## ACTIVITY
An image-free, exact copy of the records below is required.
(ENTRIES SHOWN)
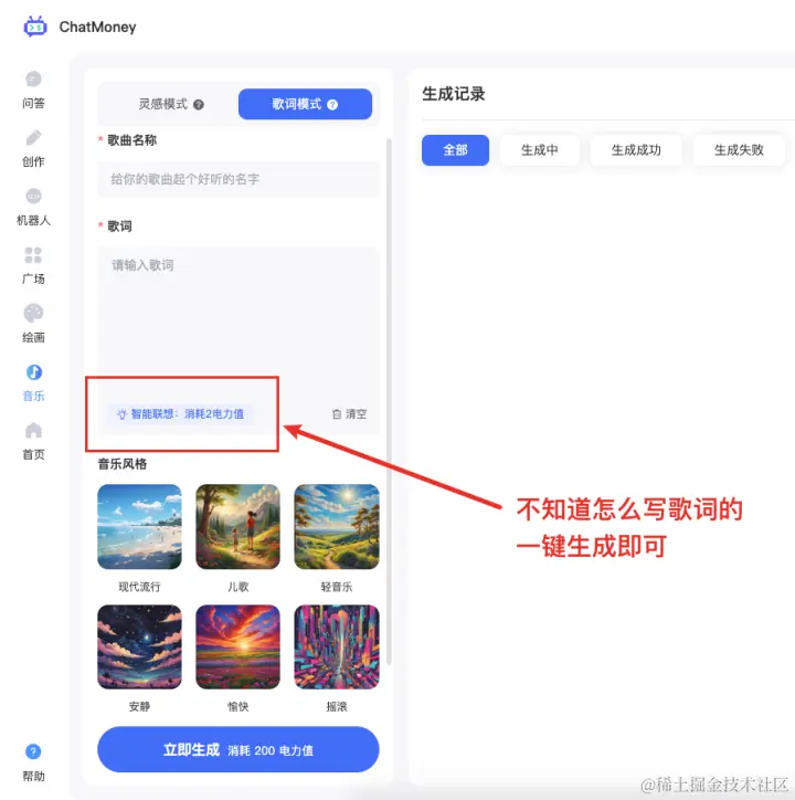 最近发现ChatMoney这款全能AI知识库系统不仅可以聊天绘画、创建机器人,还可以创作音乐。只要一分钟,人人都能用AI创作歌曲。
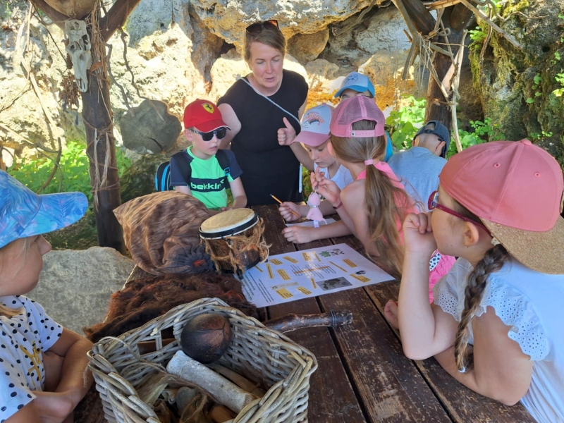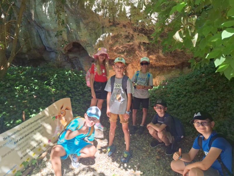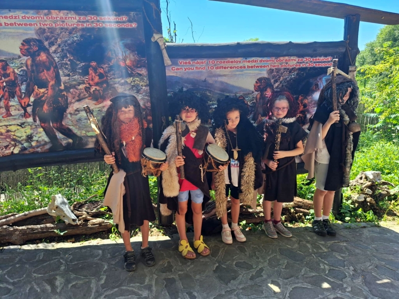 Druhý prázdninový deň sa deťúrence z ŠKD vrátili do dávnych dôb histórie nášho ľudského rodu. Objavovali tajomnú dobu pravekých neandertálcov. V originálnej pravekej dielni riešili zaujímavú tajničku, obliekali praveké oblečenie, či tancovali šamanský tanec. Ako bolo? Aj keď slniečko pripekalo, hotová paráda! A čo by ešte k takému výletu chýbalo? No predsa dobré jedlo od maminky a samozrejme nakupovanie všelijakých suvenírov.
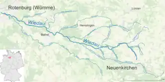 - ↑ Albrecht Greule: Deutsches Gewässernamenbuch. Walter de Gruyter, Berlin / Boston 2014, ISBN 978-3-11-057891-1, S. 590, „¹Wiedau“ (Auszug in der Google-Buchsuche).
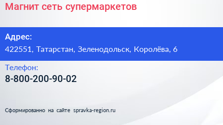 Магнит, сеть супермаркетов по адресу 422551, Татарстан, Зеленодольск, Королёва, 6 в дальнейшем Организация, размещена в следующих категориях:
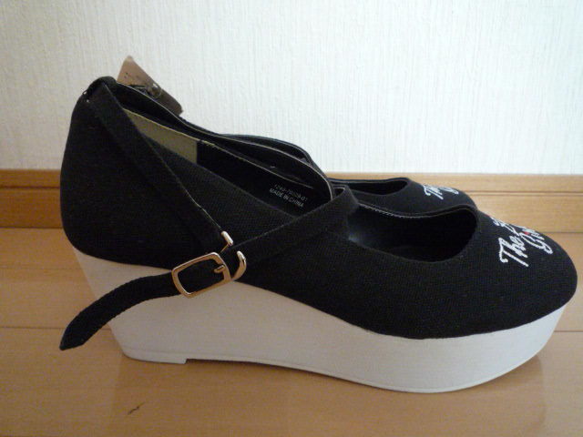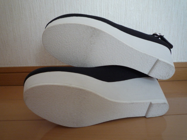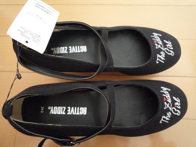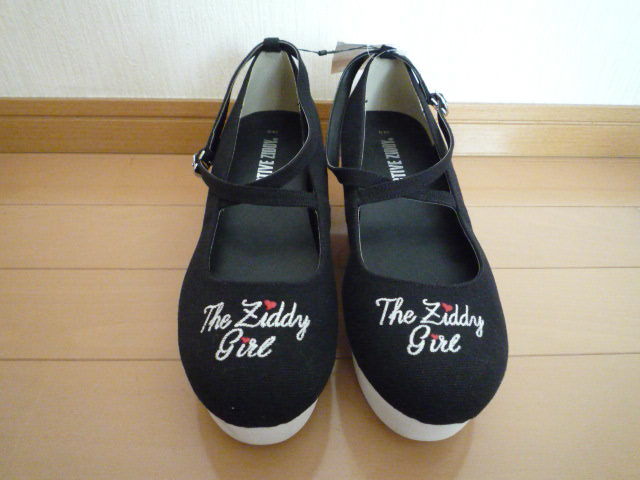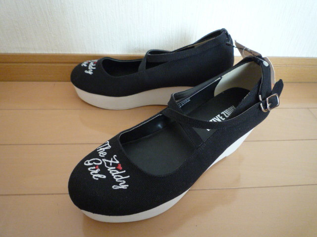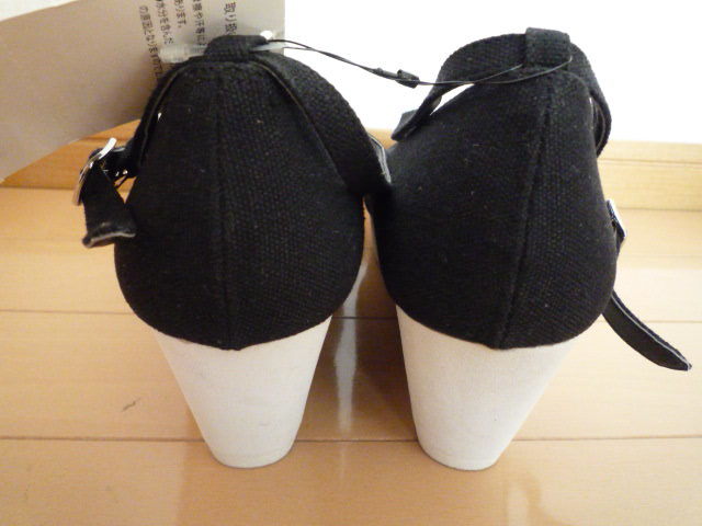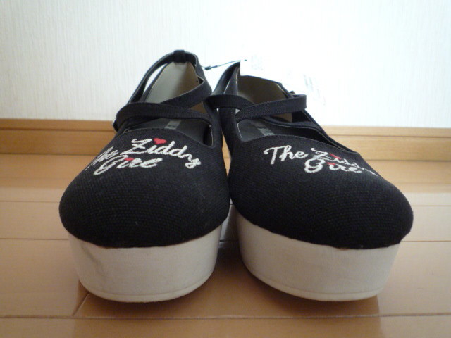 新品タグ付きZIDDYジディクロスストラップウェッジキャンバスパンプス黒ブラック24cmヒール女の子ガールジュニアキッズ卒業式
(End ENTRIES SHOWN)
## PROBLEM SOLUTION
 最近发现ChatMoney这款全能AI知识库系统不仅可以聊天绘画、创建机器人,还可以创作音乐。只要一分钟,人人都能用AI创作歌曲。
 Druhý prázdninový deň sa deťúrence z ŠKD vrátili do dávnych dôb histórie nášho ľudského rodu. Objavovali tajomnú dobu pravekých neandertálcov. V originálnej pravekej dielni riešili zaujímavú tajničku, obliekali praveké oblečenie, či tancovali šamanský tanec. Ako bolo? Aj keď slniečko pripekalo, hotová paráda! A čo by ešte k takému výletu chýbalo? No predsa dobré jedlo od maminky a samozrejme nakupovanie všelijakých suvenírov.
 - ↑ Albrecht Greule: Deutsches Gewässernamenbuch. Walter de Gruyter, Berlin / Boston 2014, ISBN 978-3-11-057891-1, S. 590, „¹Wiedau“ (Auszug in der Google-Buchsuche).
 Магнит, сеть супермаркетов по адресу 422551, Татарстан, Зеленодольск, Королёва, 6 в дальнейшем Организация, размещена в следующих категориях:
 新品タグ付きZIDDYジディクロスストラップウェッジキャンバスパンプス黒ブラック24cmヒール女の子ガールジュニアキッズ卒業式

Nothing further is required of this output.